CacheKVStore specification

A CacheKVStore is cache wrapper for a KVStore. It extends the operations of the KVStore to work with a write-back cache, allowing for reduced I/O operations and more efficient disposing of changes (e.g. after processing a failed transaction).

The core goals the CacheKVStore seeks to solve are:

  • Buffer all writes to the parent store, so they can be dropped if they need to be reverted
  • Allow iteration over contiguous spans of keys
  • Act as a cache, improving access time for reads that have already been done (by replacing tree access with hashtable access, avoiding disk I/O)
    • Note: We actually fail to achieve this for iteration right now
    • Note: Need to consider this getting too large and dropping some cached reads
  • Make subsequent reads account for prior buffered writes
  • Write all buffered changes to the parent store

We should revisit these goals with time (for instance it's unclear that all disk writes need to be buffered to the end of the block), but this is the current status.

Types and Structs

type Store struct {
	mtx           sync.Mutex
	cache         map[string]*cValue
	deleted       map[string]struct{}
	unsortedCache map[string]struct{}
	sortedCache   *dbm.MemDB // always ascending sorted
	parent        types.KVStore
}

The Store struct wraps the underlying KVStore (parent) with additional data structures for implementing the cache. Mutex is used as IAVL trees (the KVStore in application) are not safe for concurrent use.

cache

The main mapping of key-value pairs stored in cache. This map contains both keys that are cached from read operations as well as ‘dirty’ keys which map to a value that is potentially different than what is in the underlying KVStore.

Values that are mapped to in cache are wrapped in a cValue struct, which contains the value and a boolean flag (dirty) representing whether the value has been written since the last write-back to parent.

type cValue struct {
	value []byte
	dirty bool
}
deleted

Key-value pairs that are to be deleted from parent are stored in the deleted map. Keys are mapped to an empty struct to implement a set.

unsortedCache

Similar to deleted, this is a set of keys that are dirty and will need to be updated in the parent KVStore upon a write. Keys are mapped to an empty struct to implement a set.

sortedCache

A database that will be populated by the keys in unsortedCache during iteration over the cache. The keys are always held in sorted order.

CRUD Operations and Writing

The Set, Get, and Delete functions all call setCacheValue(), which is the only entry point to mutating cache (besides Write(), which clears it).
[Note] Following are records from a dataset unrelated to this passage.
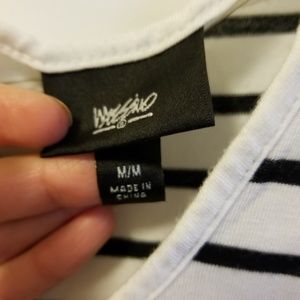 This is a medium Mossimo black and white striped tee. It has a silver zipper detail on the back (functional) and a high low hem.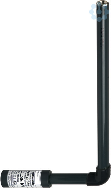 Prüfsonde, 90° abgewinkelt für Schaltanlagen, bei denen das Erreichen der Prüfkontakte über einen Durchlass (Tulpe) nur von unten nach oben möglich ist. Zum Aufschrauben auf die Prüfspitzen der Spannungsprüfer PHE III und PHE.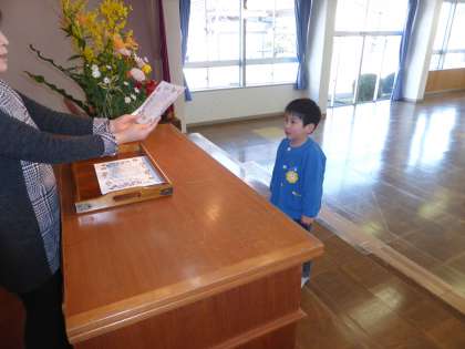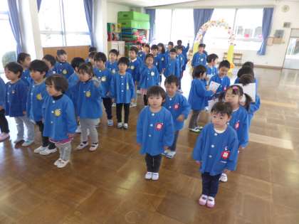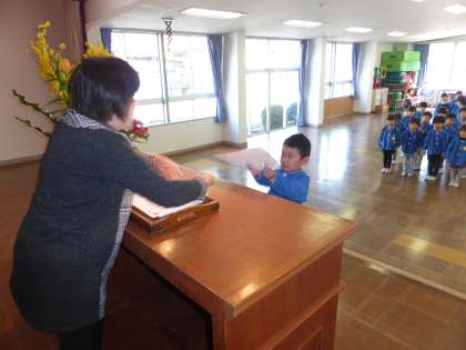 今日は、3・4歳児の修了式をしました。一人一人、園長先生から証書をいただき、とても嬉しそうに友達と証書を見せ合っていました。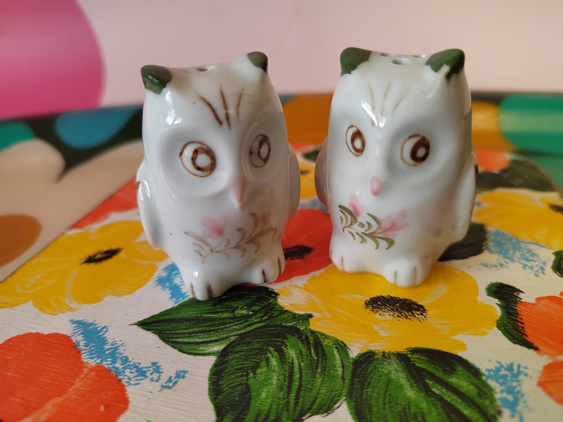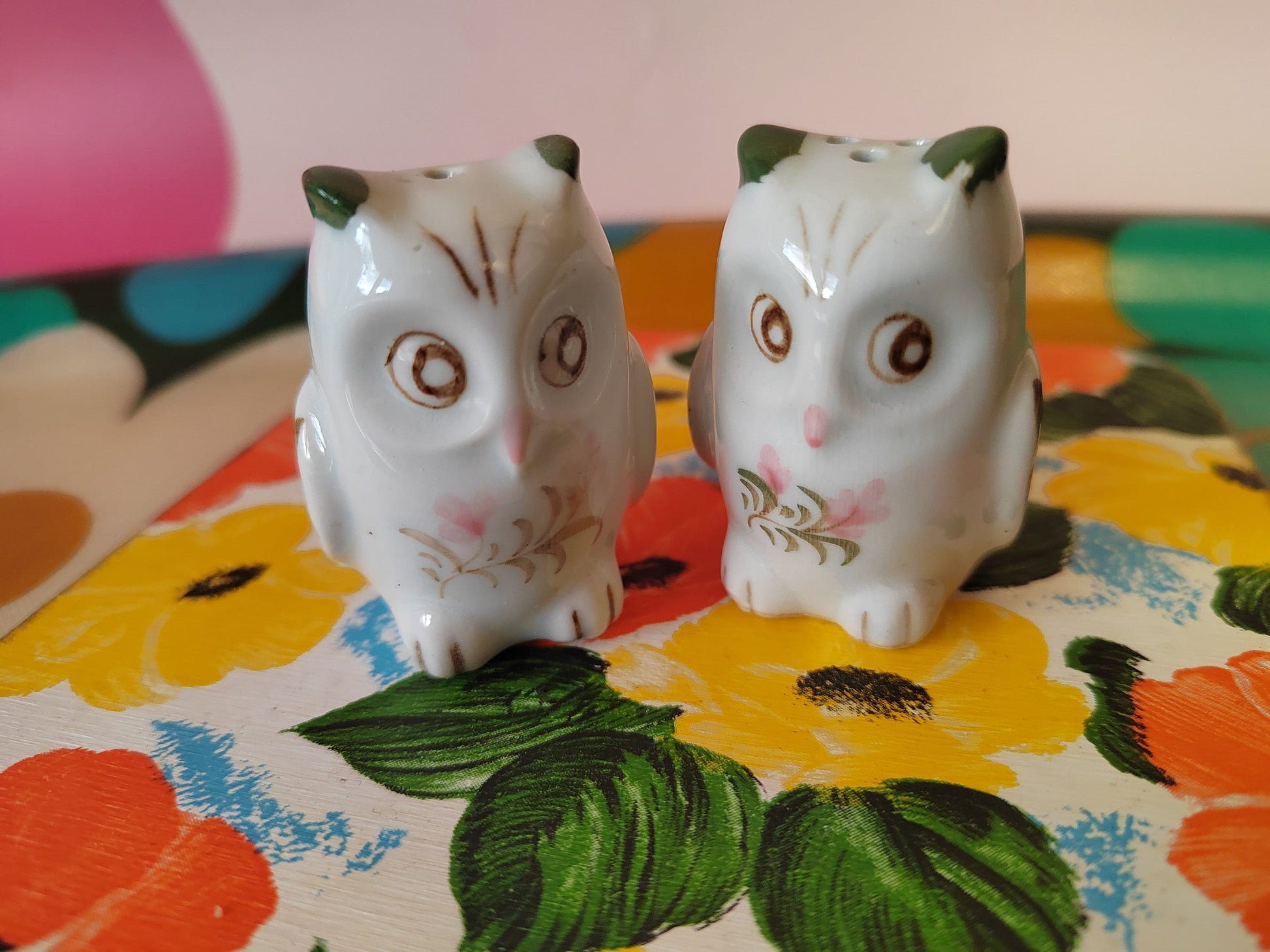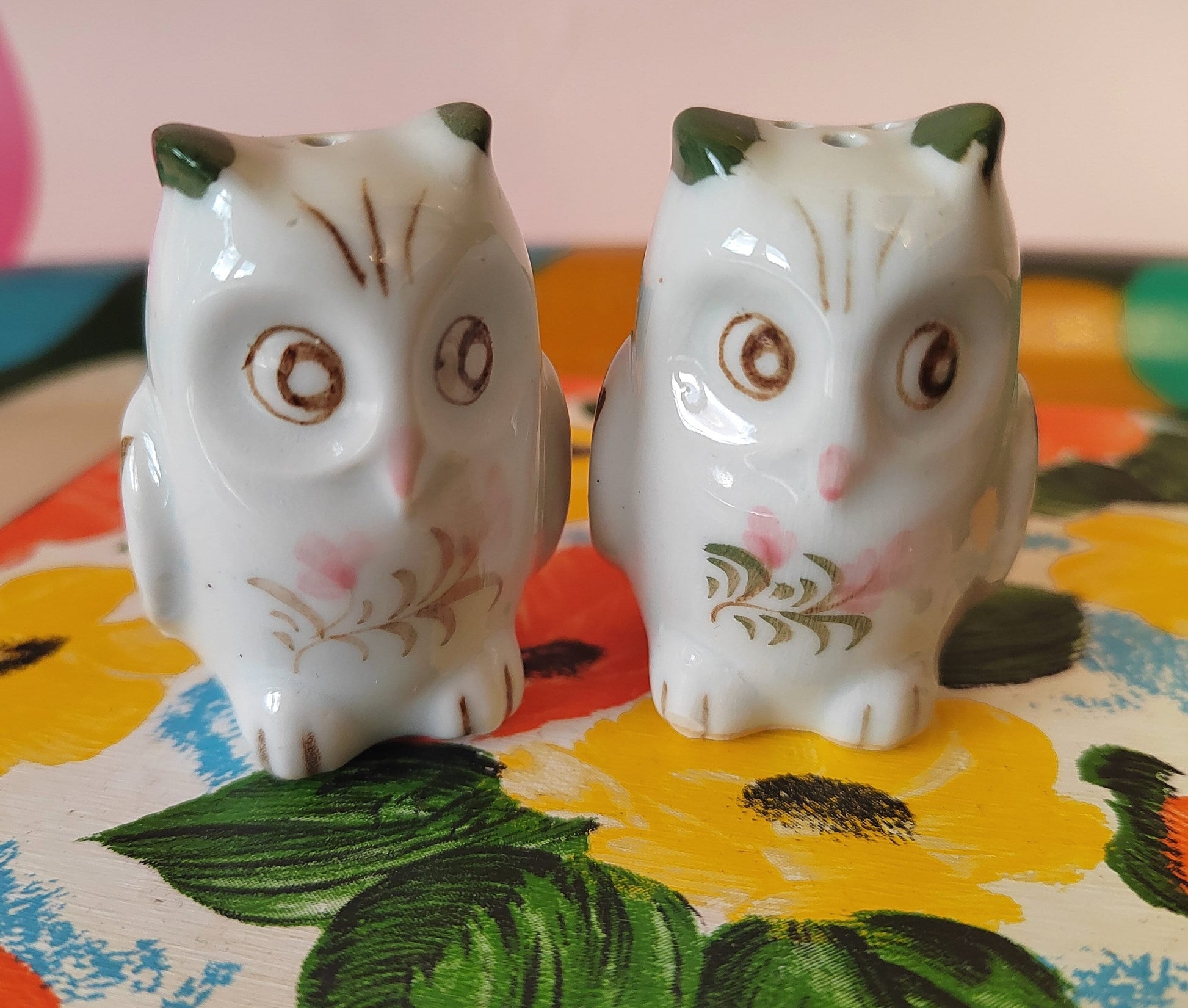 Super cute and tiny pair of vintage hand painted owls salt and pepper shakers with plastic stoppers.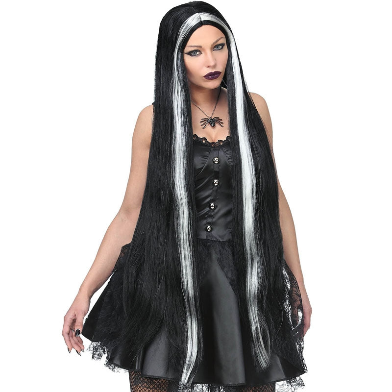 Perruque noire extra longue avec mèches blanches est la touche terreur parfaite pour compléter votre costume Halloween de manière frappante et colorée lors de tout événement déguisé ou soirée costumée horrifiante.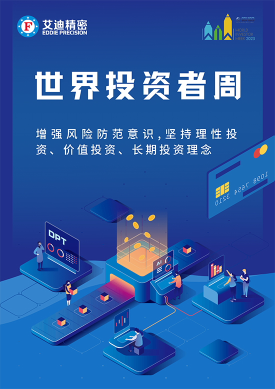 2023年10月23日至27日,中國證監會舉辦“2023年世界投資者周”活動,圍繞“投資者風險應對能力”和“可持續金融”兩大主題展開。在“世界投資者周”來臨之際,艾迪精密提醒您:增強風險防范意識,堅持理性投資、價值投資、長期投資理念。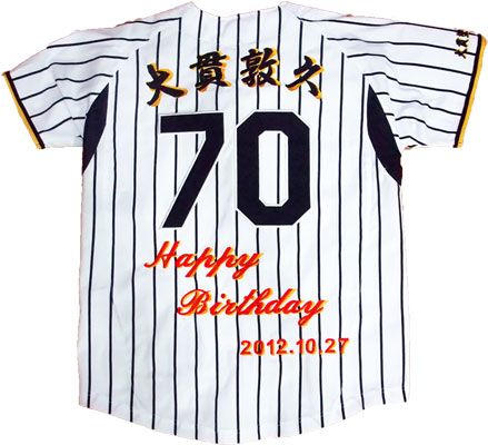 還暦・古希・長寿祝い・銀婚式・金婚式の大切な記念日に、阪神タイガース刺繍をユニフォームにオリジナルメッセージを刺繍で演出いたします。プレゼントにイエローユニのサプライズ刺繍とても大好評で、全国からお祝い刺繍、ご注文いただいております。刺繍工場直販ですので、迅速に対応できます。ご相談お問合せお待ちしております。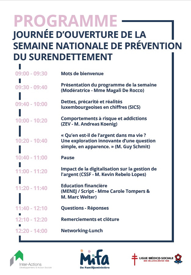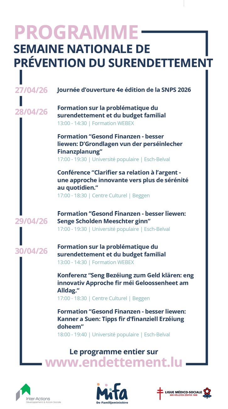Nous avons le plaisir de vous inviter à la 4e édition de la Semaine Nationale de Prévention du Surendettement (SNPS), organisé en partenariat avec le ministère de la Famille, des Solidarités, du Vivre ensemble et de l’Accueil et Inter-Actions asbl du 27 avril au 1er mai 2026.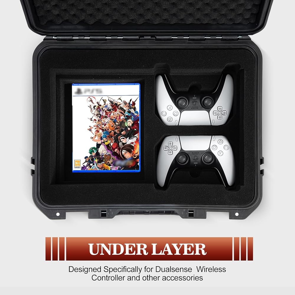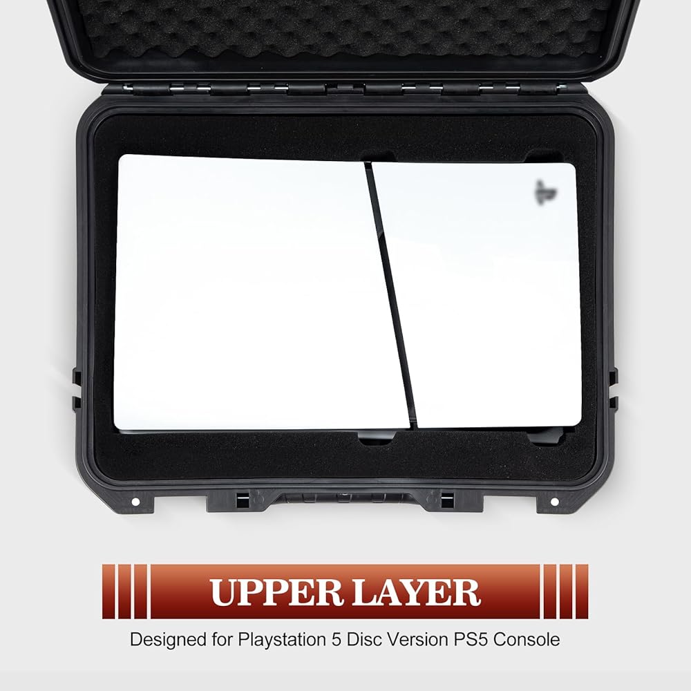 [FORMFITTING FOAM CUTOUTS]: The TANKENLID ps5 slim travel case features cutouts designed to fit your beloved console, two controllers, power and display cables and other accessories.

setCacheValue() inserts a key-value pair into cache. Two boolean parameters, deleted and dirty, are passed in to flag whether the inserted key should also be inserted into the deleted and dirty sets. Keys will be removed from the deleted set if they are written to after being deleted.

Get

Get first attempts to return the value from cache. If the key does not exist in cache, parent.Get() is called instead. This value from the parent is passed into setCacheValue() with deleted=false and dirty=false.

Has

Has returns true if Get returns a non-nil value. As a result of calling Get, it may mutate the cache by caching the read.

Set

New values are written by setting or updating the value of a key in cache. Set does not write to parent.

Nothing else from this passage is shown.